In an age of global terror where whole countries can be thrown into panic by a few envelopes of white powder in the mail system, you would think that Western governments would try to limit the possibilities of potential terrorist attack wherever they could. Let us hope that any potential terrorists do not enquire too much about three exposed masts sitting in the middle of the Thames Estuary, and find out the secret of what lies beneath the waves.
The Liberty Ships
In the early stages of World War II, German U-boats were causing havoc on the British Merchant Navy.
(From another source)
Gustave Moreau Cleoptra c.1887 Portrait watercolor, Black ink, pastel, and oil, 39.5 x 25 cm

With most shipyards concentrating on building warships, the merchant fleet was slowly dwindling. Without them to supply the sceptred isle, the United Kingdom, and the last bastion of democracy in Europe, would fall. The Americans answered the call, producing 2,751 ships, the biggest run of any ship of a single design, under the lend-lease scheme. Displacing 14,000 tonnes, these ships, with typical American bravado, were called Liberty Ships.
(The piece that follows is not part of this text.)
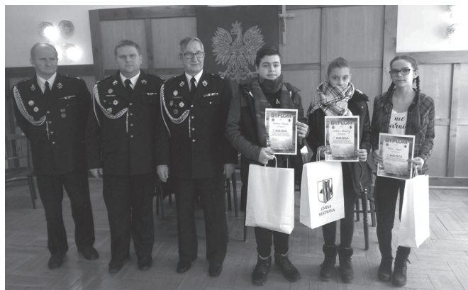
Laureaci w kategorii szkół podstawowych

Among the 80 or so Liberty Ships built by the St John's River Shipbuilding Company, Florida, was the SS Richard Montgomery, launched in 1943. She was named after an Irish-American fighter in the American War of Independence, a rather tactful name for a ship built to help the British!
More Bangs for the Buck
The ship's last voyage, under the command of Captain Wilkie, was to take explosives from Hog Island, Philadelphia and join a convoy from England to Cherbourg, on Normandy's Cotentin Peninsula. It managed to get its cargo of 6,127 tonnes of bombs to England without a serious problem. Waiting to join the convoy, it was to be moored in the Thames Estuary. The harbour master, located on the end of Southend-on-Sea Pier (called HMS Leigh) ordered the ship to a berth north of Sheerness, Kent. This was very close to a lot of sandbanks. Heavily loaded, the ship had a draught1 of almost a metre more than a Liberty Ship's normal 8.5 metres. With a strong wind blowing, the assistant harbour master realised the oncoming danger, but his requests to have the ship re-berthed were denied. The storm duly blew the Richard Montgomery onto the sandbanks while its captain slept.
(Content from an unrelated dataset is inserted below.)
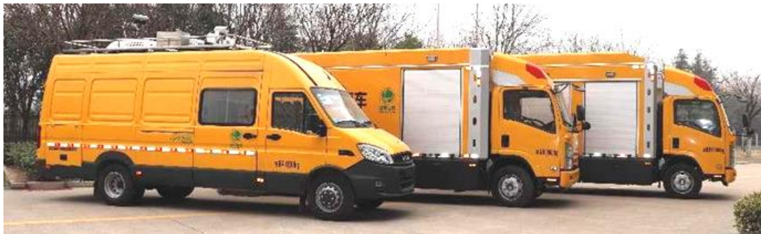
不停电旁路作业系统

Attempts were made to lighten the ship, but as the tides receded, the ship broke its back.
Split into two parts, it was decided that it was safer to leave the wreck, with its deadly cargo inside, alone. Parts of the ship are always visible above the waterline, and it is clearly marked.
Clear and Present Danger
3,173 tonnes of high explosives remain on board the Richard Montgomery. In theory, this is all quite safe2, as the best environment to keep a bomb from exploding is cold water. If any of the chemicals leak, they can be diluted and washed away by the water pretty quickly. Another factor is that the tide has dug away a kind of crater around the ship and it is hoped that any bombs that fall out will come to rest in the crater.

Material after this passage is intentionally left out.